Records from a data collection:
● ● ● ● ●

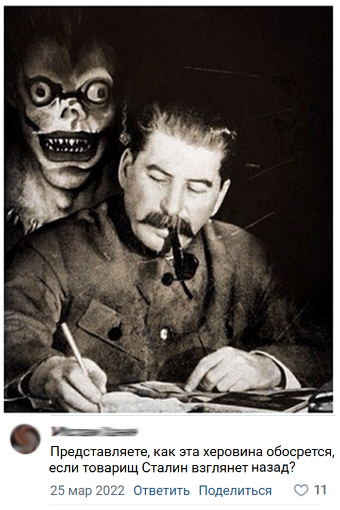 И вот в силу этих нюансов, я бы ВК-шных "антисталинистов" прировнял к тоталитарной секте. И ввел бы право на свободный отстрел (шутка, конечно, законы РФ надо соблюдать!).
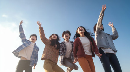 Forever young Low angle view of four young happy people holding hands and raising them up with blue sky as background : Generative AI
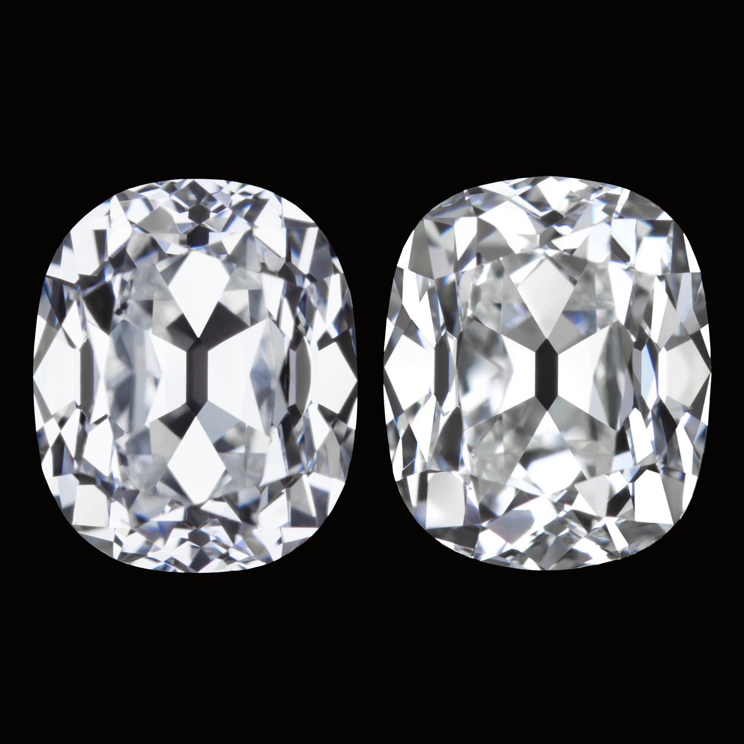 - Antique reproduction old mine cuts. Gorgeous elongated cushion brilliant shape.
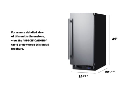 Summit SCFF1533BSS 15″ Wide Built-In All-Freezer – Stainless Steel Door, Black Cabinet
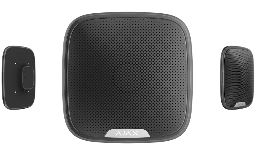 Az AJAX StreetSiren BL egy vezeték nélküli kültéri hang- és fényjelző, mely kiválóan alkalmas otthonok és üzletek külső területeinek biztonságosabbá tételére. A fekete színű kialakítás modern megjelenést kölcsönöz az eszköznek, mely hatékonyan figyelmezteti a környezetet a veszélyhelyzetekre.
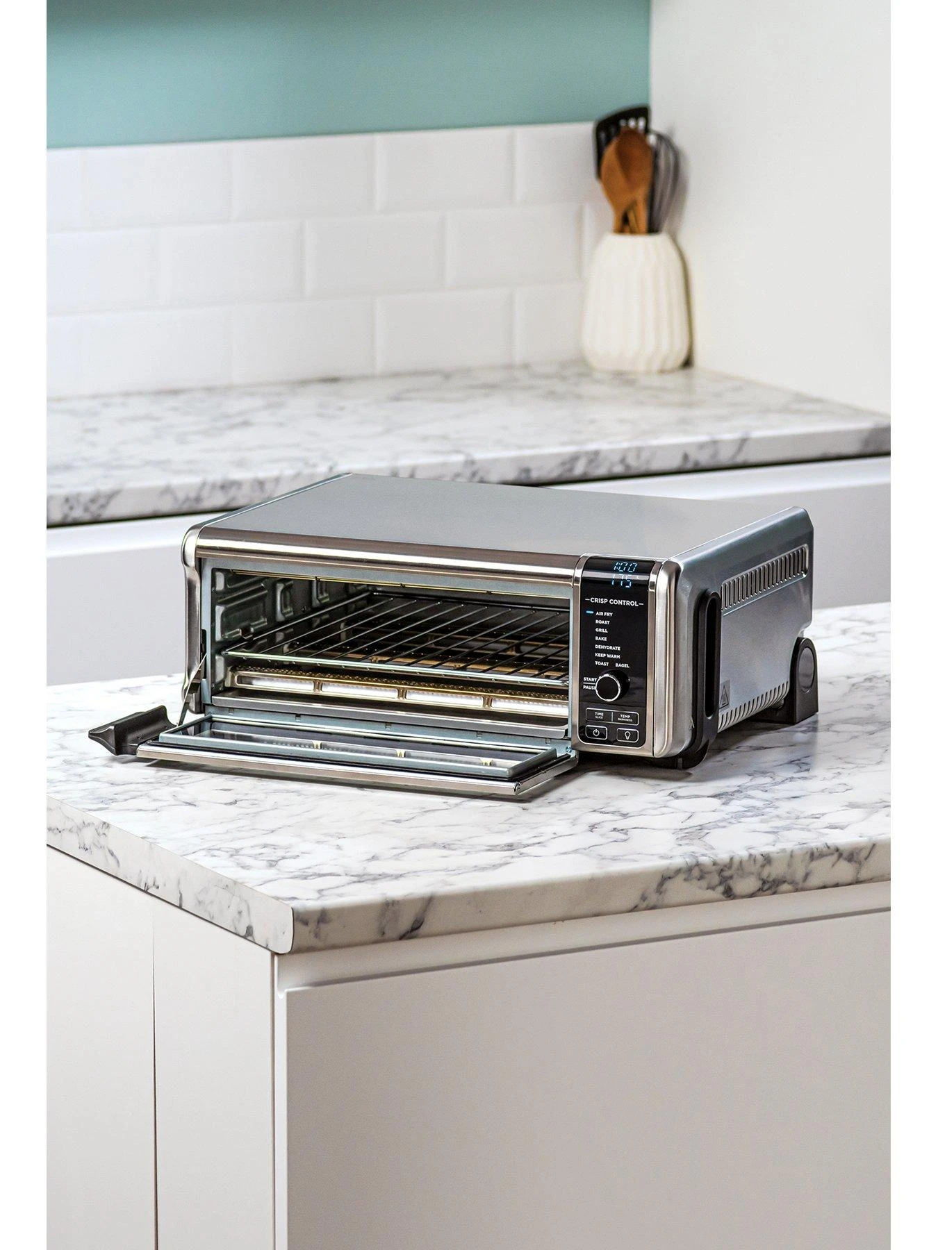 Designed to flip away for simple storage, the unique design means that the NINJA Foodi oven can be stored on its side to take up 50% less space. The removable crumb tray and accessible back panel make it easy to clean, too.
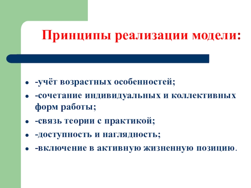 Слайд 9 Принципы реализации модели:
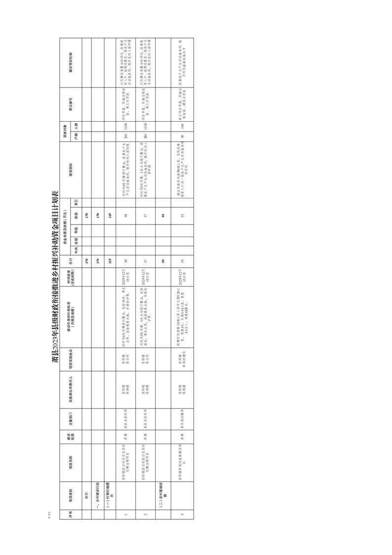 【計(jì)劃安排情況】關(guān)于下達(dá)蕭縣2023年縣級(jí)財(cái)政銜接推進(jìn)鄉(xiāng)村振興補(bǔ)助資金分配結(jié)果和項(xiàng)目計(jì)劃的批復(fù)
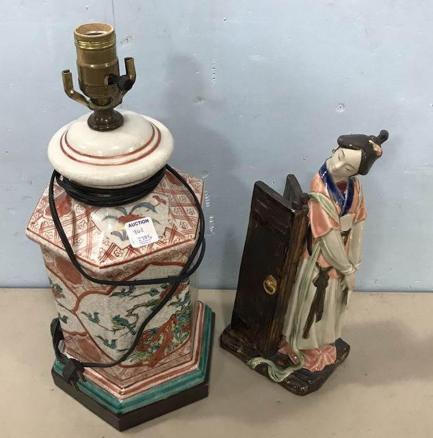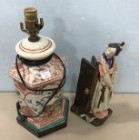 862 Modern Oriental Urn Lamp and Ceramic Asian Lady Figure
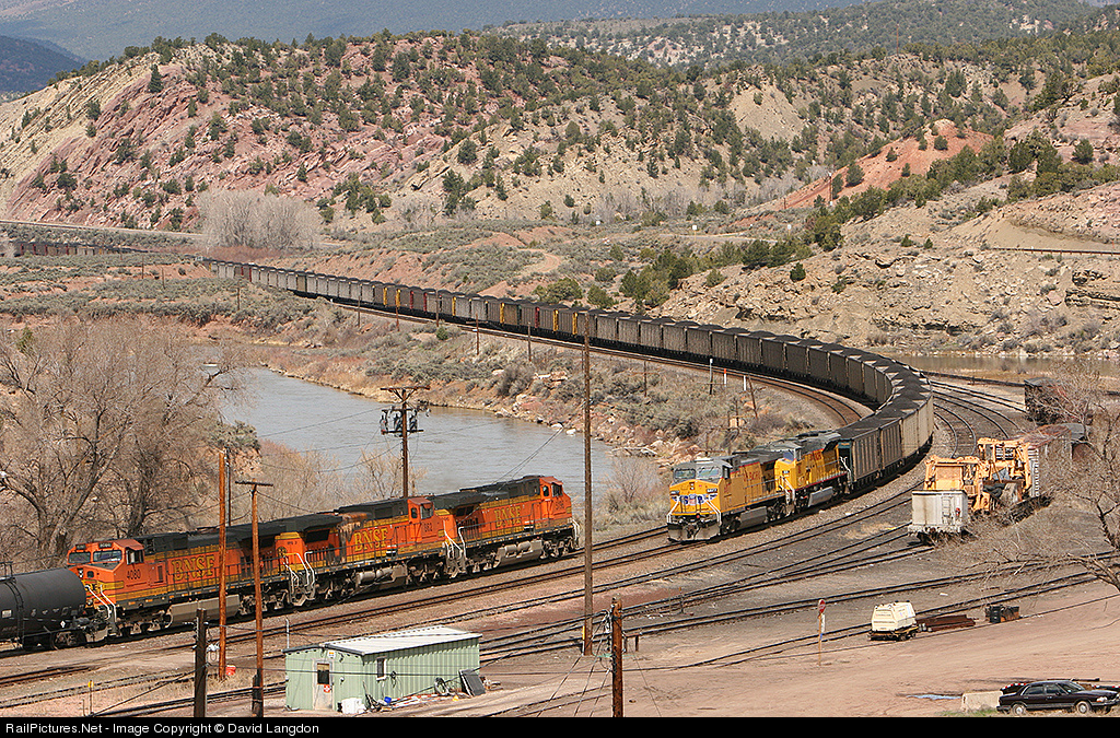 A northbound Union Pacific coal train and a southbound BNSF freight train meet at the yard in Bond.
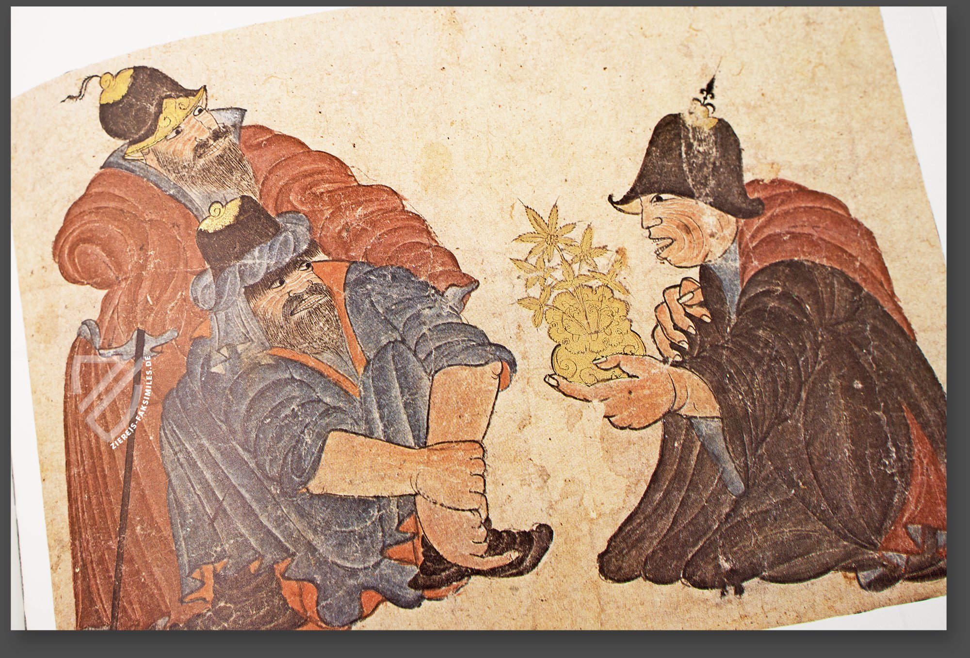 Ein großes Geheimnis umgibt diese mongolischen Malereien des frühen 15. Jahrhunderts: sie stammen vom bedeutendsten mongolischen Künstler der Zeit, Meister Muhammad Siyah Qalam, die Schwarze Feder. Auf 80 Blättern eröffnet sich in den wunderbaren farbigen Malereien die exotische Welt Zentralasiens, in Bildern vom Leben der Nomaden und ihrer Kultur und Religion. Ein einmaliges Zeugnis dieser spannenden Epoche!

● ● ● ● ●

The problem:
What do the entries above read from the line containing "Designed to flip" through the line containing "862 Modern Oriental"? Output those lines exactly, both ends included, with the pictures left out.

Exercise response:
 Designed to flip away for simple storage, the unique design means that the NINJA Foodi oven can be stored on its side to take up 50% less space. The removable crumb tray and accessible back panel make it easy to clean, too.
 Слайд 9 Принципы реализации модели:
 【計(jì)劃安排情況】關(guān)于下達(dá)蕭縣2023年縣級(jí)財(cái)政銜接推進(jìn)鄉(xiāng)村振興補(bǔ)助資金分配結(jié)果和項(xiàng)目計(jì)劃的批復(fù)
 862 Modern Oriental Urn Lamp and Ceramic Asian Lady Figure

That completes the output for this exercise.